St. Bonaventure forfeited its wins because a transfer player, who had a junior college certificate in welding, was declared eligible to play over the misgivings of the school’s own compliance officer. Both the school president and the coach overruled the school staff member.

Georgia fired its assistant coach in the wake of proof that he had falsified grades that the student received from a junior college as well as from Georgia and that he arranged for the student to get an A grade from a course that he did not even attend.

At Michigan, a booster of the school’s basketball program in the late 1990’s gave more than $600 thousand to players who were then on the team.

The violence, the cheating, the scandals seem to be escalating. The question is, "why," and the answer is not an easy one.

Perhaps the increasing salaries of professional players has escalated the drive to succeed at any cost.
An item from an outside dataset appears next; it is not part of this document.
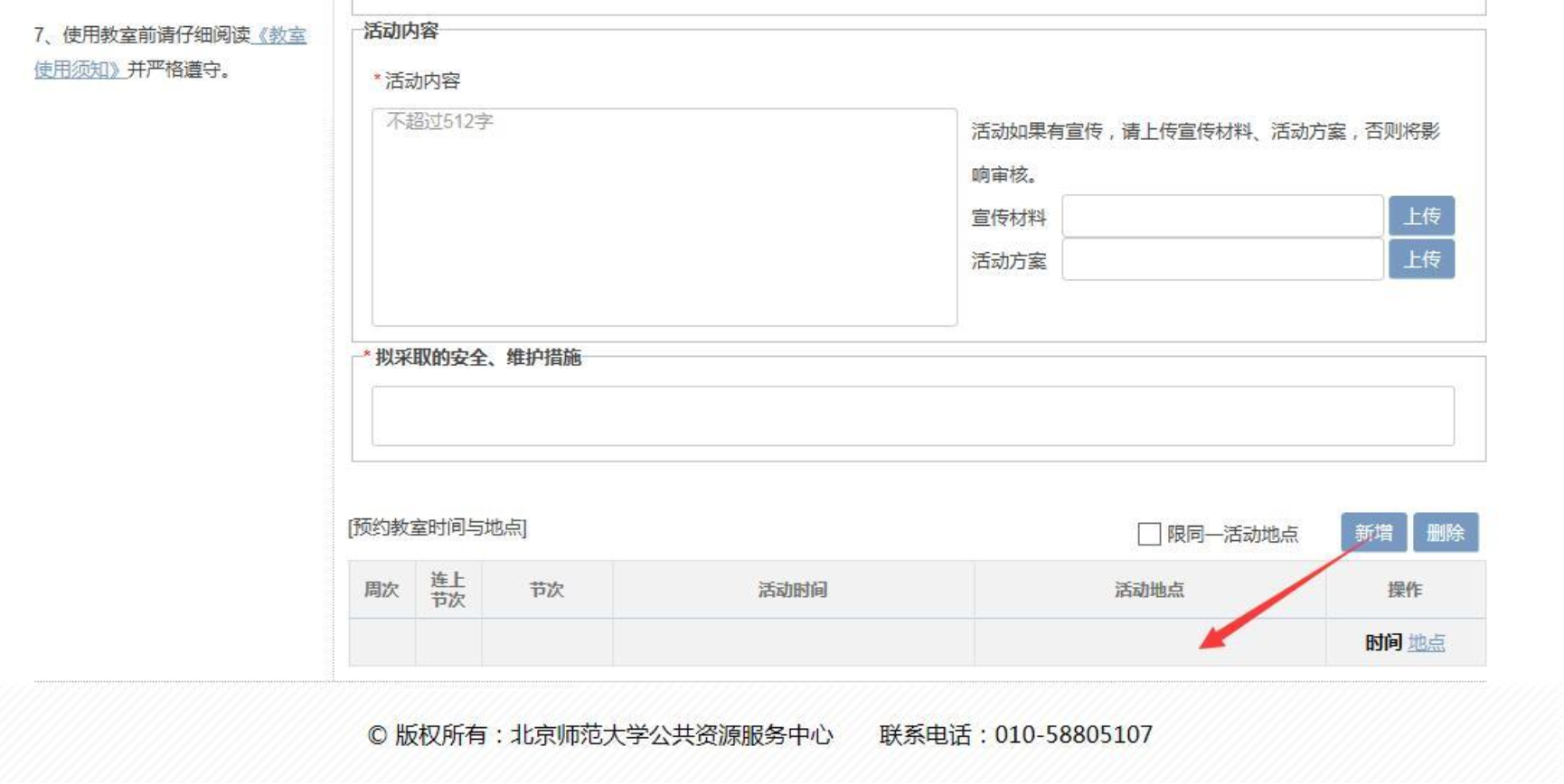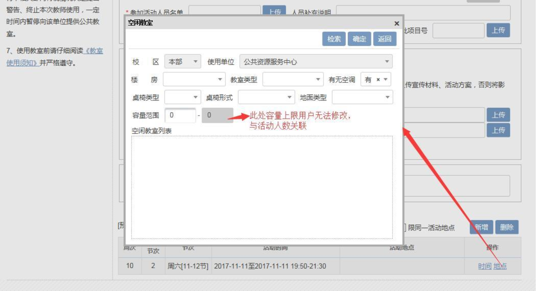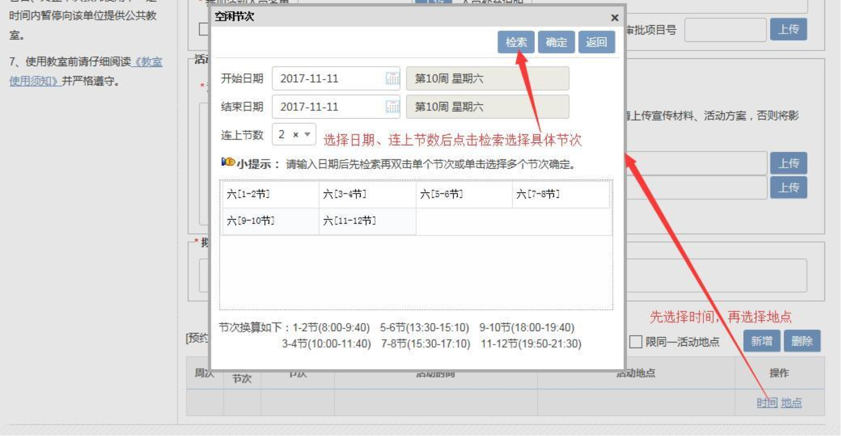 3.选择活动时间和教室,特别注意: (1) 选择时间后、节数后,需点击检索后选择相应节次。 (2) 选择地点时,注意选择教室类型(默认为多媒体教室,学校公共教室大部分为多媒体教室)、桌椅类型(可选活动或者固定桌椅)。 (3) 公共教室不接受除第 12 节以外的单数节次预定。

In my college days, all of the players, with the exception of the top pros, had off-season jobs that kept them going because professional salaries were so low, even in relation to what everybody else’s salary was like in those days.

Most of the players deemed it an honor to be one of the few to play the professional game. There were fewer players in every sports league and it was more difficult to make the pros.

Today, top players are identified at a young age. By the time they are ready to leave the seventh grade, they are identified and actively recruited by top high school programs.

In this city, where recruiting in the public schools is frowned on, the top parochial school programs, such as Christ the King, often actively recruit top middle school prospects. It has not been unknown for schools to place a student in a home nearby the school to procure a top prospect.

The players are told that they are special. They are pampered by the schools, given full scholarships, easy programs, and a safety net that other students do not often enjoy.

Many of them begin to believe the hype, to think that they are above the behavior demanded of mere humans.

College recruiting programs are even more aggressive. Players are provided with trips to the campus, meals, transportation, members of the opposite sex to keep them company, promises of money, glory and playing time.

It is often more than an eighteen-year-old can handle.

Athletes in top college programs seldom see school during the season. They are given "tank" courses, provided with test answers, have papers written for them, live in separate facilities and are treated like demigods on campus.

They truly believe two things: That they are above the law and that they are destined for big professional bucks.They are ready to fall.

Many college athletes are already, in fact, professionals in the sense that they are being paid in different ways for playing a game.

Perhaps, that fact should be realized and scholarship athletes should be treated as professionals. At the same time, they should be constantly reminded that they are not above the law, that the law will eventually catch up with them and that they will then be playing in the penal league rather than in the pros.